Initially this "calls" portal might only cover the call specific bits from this MR but it would give us the possibility to add more call specific features that don't map to notifications (like outgoing calls, joining calls together, emergency calling, etc).

Ongoing calls do map to notifications. You can't join calls cross-app, and if you're within an app I see no reason for the OS to even know about it. Not sure what you mean by emergency calling - how is that a portal?

[agx]

Thanks for the details. I'm aware it does ongoing. I'm after outgoing. This is needed for e.g. quick dialers (which people already implemented) or a separate UI on the car's dashboard when doing Android Auto.

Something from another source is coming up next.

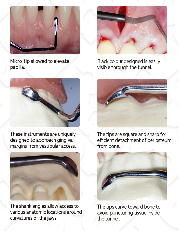- The elevators allow efficient tunnel elevation in the vestibular region, under gingival margins and under interproximal tissues.

I don't think CallKit lets your app make actual phone calls via the SIM card.

I don't think so either. What I mean is that we currently need to expose all these things to the sandbox if we want to initiate a call. That's why I think a call related portal (which would then also handle the outgoing / ongoing signalling in this portal would make sense.

[cajus]

Based on the Inhibit flag exported by KDE via DBus in org.freedesktop.notifications, it would be nice to be able to see in the current proposal whether DND is currently active or not.

[Mikenux]

• "tray" and "persistent": Apps shouldn't have control over notification UX. If you don't agree, please give example cases for those.
• "transient": Also part of notification UX. However, it seems to be a content type to display, e.g., an action like paste has been done (here equivalent of in-app notification). I don't know what really to think about this, so examples are also welcome here.